First I found myself waking up in the mornings, paralyzed with emotional exhaustion, but remembering and speaking to myself the character and nature of God. Remembering that he is a good, just, loving, righteous, kind, generous, faithful, all-knowing, all-powerful, amazing and wonderful God. And I found myself living, in spite of all the pain the filled and overwhelmed me. Then, through godly people at my church, many of whom were fellow students, he showed me Jesus. He gave me his word, and I felt so driven to read it, that I could not have resisted even if I had wanted to. He showed me that I was seeking in others what I would only find in him. Over the following Summer he partially removed, a friendship that I had begun to idolize, and showed me how much more fitting for the pedestal He was than the person that I had raised up. He helped me see that
Healing began, and the next September I realized that the depression had begun to lift, and I was free of it for more than five years. Five years of freedom from something that had been my reality for half my life until that point. Even though the depression would return, I look back and see those years, with all their difficulties and struggles, as an amazing gift. And I realize that through everything, every hardship, every hurt, every hope and every joy, God has proven himself true over and over again, in so many different and amazing ways. He really is an amazing and great God, far bigger than any of my circumstances. And he reminded me of this truth tonight. He has always loved me, in so many ways. And he has been healing me through so many different means, including through the church that I am now a part of, which is now struggling so heartbreakingly.
Tonight, I went out by myself after dark. I walked through the parking lot, alone, and did my grocery shopping among strangers. And I didn't feel fear. I wasn't afraid when a man spoke to me. I wasn't terrified when I was making trips to and from my car in the dark, to bring the groceries into my house. Because even though I feel sadness and grieve over the wrongs that I have experienced in my life, they are not the power that controls me. The power that controls me is the Spirit of God within me. So I may grieve, and struggle through inaction for a short time, while I am trying to process all that has passed. But those things do not control my life, Jesus does. In Colossians 1:11 Paul prays that the Colossians will be "...strengthened with all power according to his [Jesus] glorious might, for all endurance and patience with joy..." and he reminds them that, "He [Jesus] has delivered us from the domain of darkness and transferred us to the kingdom of his beloved Son, in whom we have redemption, the forgiveness of sins."

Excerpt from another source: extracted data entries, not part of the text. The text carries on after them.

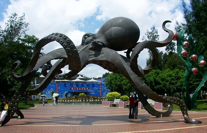 廈門海底世界占地17.5公頃,總建筑面積7500平方米。它是由新加坡華僑與鼓浪嶼風景區建設開發公司合作興建的,總投資1000萬美元。這座花壇簇擁的海藍色水晶宮建筑,第一期工程先后建成了海洋館、企鵝和淡水魚館。其入口處在主體建筑外60米地方有一個設計獨特、別具一格、張牙舞爪的章魚雕,高6米、跨徑11.2米。它是廈門海底世界的標志性建筑,也是游客們首先拍照留念的景觀。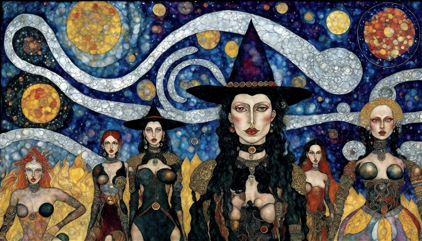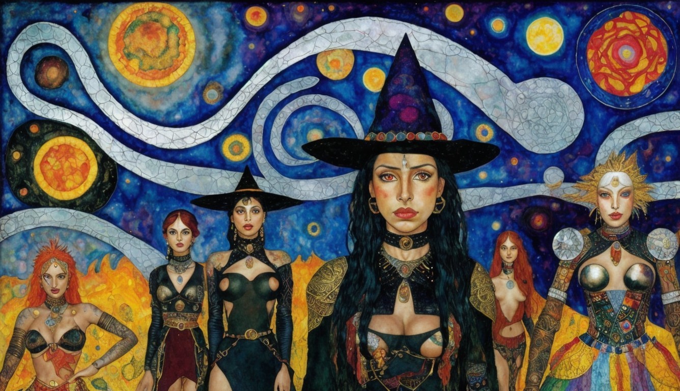 Stylized witches with unique hairstyles in cosmic setting
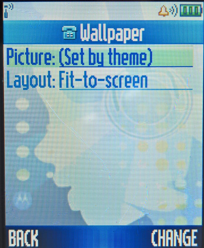 Wallpapers that can be set, either from the built in images or a photo taken by the phones camera. Like in Windows, if an images does not match the screen resolution, you can set the scaling method to either Centre, Tile or Fit-to-screen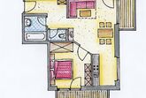 Geräumige Ferienwohnung mit 55m² mit einem Schlafzimmer, Wohnraum, Bad mit Dusche/Badewanne, separatem WC sowie Balkon.

I still walk through the darkness of this world, but I am in the domain of Christ. I still sit here in this world, but I am free from this world because of Jesus. For, as it says later in Colossians 1, "He is the image of the invisible God, the firstborn of all creation. For by him all things were created, in heaven and on earth, visible and invisible, whether thrones or dominions or rulers or authorities-all things were created through him and for him. And he is before all things, and in him all things hold together. And he is the head of the body, the church. He is the beginning, the firstborn from the dead, that in everything he might be preeminent. For in him all the fullness of God was pleased to dwell, and through him to reconcile to himself all things, whether on earth or in heaven, making peace by the blood of his cross." (Colossians 1:15-20)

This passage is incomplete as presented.